» What is needed: Scan the listing beneath this sentence. Report each line with the word "have".

» Record extracts:
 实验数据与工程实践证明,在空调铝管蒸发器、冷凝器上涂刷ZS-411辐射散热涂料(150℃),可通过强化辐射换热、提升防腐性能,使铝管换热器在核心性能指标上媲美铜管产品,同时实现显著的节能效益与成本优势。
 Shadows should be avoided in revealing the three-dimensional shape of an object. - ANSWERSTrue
==
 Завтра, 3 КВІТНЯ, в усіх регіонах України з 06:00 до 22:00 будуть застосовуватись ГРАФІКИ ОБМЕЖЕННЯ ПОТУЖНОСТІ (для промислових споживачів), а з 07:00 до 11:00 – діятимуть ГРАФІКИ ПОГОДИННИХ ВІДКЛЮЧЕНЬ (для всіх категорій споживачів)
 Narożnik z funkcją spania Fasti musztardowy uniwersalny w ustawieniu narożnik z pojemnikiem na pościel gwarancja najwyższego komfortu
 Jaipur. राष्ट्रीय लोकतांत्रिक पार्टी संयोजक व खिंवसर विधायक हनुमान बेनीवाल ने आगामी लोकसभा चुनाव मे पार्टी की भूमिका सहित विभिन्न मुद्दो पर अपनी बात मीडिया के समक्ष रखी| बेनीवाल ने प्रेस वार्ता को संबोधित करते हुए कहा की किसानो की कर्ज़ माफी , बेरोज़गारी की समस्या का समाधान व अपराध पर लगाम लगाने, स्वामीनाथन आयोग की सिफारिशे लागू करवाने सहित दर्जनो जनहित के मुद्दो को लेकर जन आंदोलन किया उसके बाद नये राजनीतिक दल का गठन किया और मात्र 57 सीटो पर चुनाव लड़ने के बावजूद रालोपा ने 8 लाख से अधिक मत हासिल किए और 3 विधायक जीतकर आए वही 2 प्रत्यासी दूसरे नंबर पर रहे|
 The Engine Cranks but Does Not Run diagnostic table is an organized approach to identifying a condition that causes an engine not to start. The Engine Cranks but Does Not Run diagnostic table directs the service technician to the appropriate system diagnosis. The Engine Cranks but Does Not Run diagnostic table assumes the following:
* * *
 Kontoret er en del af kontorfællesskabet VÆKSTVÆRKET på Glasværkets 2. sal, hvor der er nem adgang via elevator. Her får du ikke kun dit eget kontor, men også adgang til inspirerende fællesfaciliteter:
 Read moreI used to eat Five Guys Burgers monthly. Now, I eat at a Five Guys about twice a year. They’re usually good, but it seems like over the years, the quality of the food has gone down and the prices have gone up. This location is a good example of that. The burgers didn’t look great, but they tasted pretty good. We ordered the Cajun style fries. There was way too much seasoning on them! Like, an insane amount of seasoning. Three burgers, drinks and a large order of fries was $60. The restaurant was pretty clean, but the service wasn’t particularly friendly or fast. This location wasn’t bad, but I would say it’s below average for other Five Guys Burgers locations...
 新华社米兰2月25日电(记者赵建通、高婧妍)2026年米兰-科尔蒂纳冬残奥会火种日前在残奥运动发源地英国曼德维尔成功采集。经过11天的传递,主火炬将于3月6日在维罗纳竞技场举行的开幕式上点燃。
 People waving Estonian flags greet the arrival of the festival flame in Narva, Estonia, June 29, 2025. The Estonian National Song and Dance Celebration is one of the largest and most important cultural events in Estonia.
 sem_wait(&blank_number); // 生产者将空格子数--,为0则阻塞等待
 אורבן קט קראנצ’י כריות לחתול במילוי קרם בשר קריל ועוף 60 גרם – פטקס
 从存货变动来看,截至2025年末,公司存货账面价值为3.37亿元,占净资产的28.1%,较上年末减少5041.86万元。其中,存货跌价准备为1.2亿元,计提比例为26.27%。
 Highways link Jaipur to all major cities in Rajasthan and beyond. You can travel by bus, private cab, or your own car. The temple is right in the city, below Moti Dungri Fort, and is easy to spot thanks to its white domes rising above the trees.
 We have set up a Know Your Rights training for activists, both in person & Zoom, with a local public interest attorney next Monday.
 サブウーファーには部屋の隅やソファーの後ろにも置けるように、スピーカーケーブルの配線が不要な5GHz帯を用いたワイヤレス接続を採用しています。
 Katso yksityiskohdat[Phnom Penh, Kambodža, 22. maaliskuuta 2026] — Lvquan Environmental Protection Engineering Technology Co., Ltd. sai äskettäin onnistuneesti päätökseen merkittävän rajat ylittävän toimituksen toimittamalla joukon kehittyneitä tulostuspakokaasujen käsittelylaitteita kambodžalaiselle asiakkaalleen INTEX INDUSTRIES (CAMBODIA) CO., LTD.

» Written response:
 Read moreI used to eat Five Guys Burgers monthly. Now, I eat at a Five Guys about twice a year. They’re usually good, but it seems like over the years, the quality of the food has gone down and the prices have gone up. This location is a good example of that. The burgers didn’t look great, but they tasted pretty good. We ordered the Cajun style fries. There was way too much seasoning on them! Like, an insane amount of seasoning. Three burgers, drinks and a large order of fries was $60. The restaurant was pretty clean, but the service wasn’t particularly friendly or fast. This location wasn’t bad, but I would say it’s below average for other Five Guys Burgers locations...
 We have set up a Know Your Rights training for activists, both in person & Zoom, with a local public interest attorney next Monday.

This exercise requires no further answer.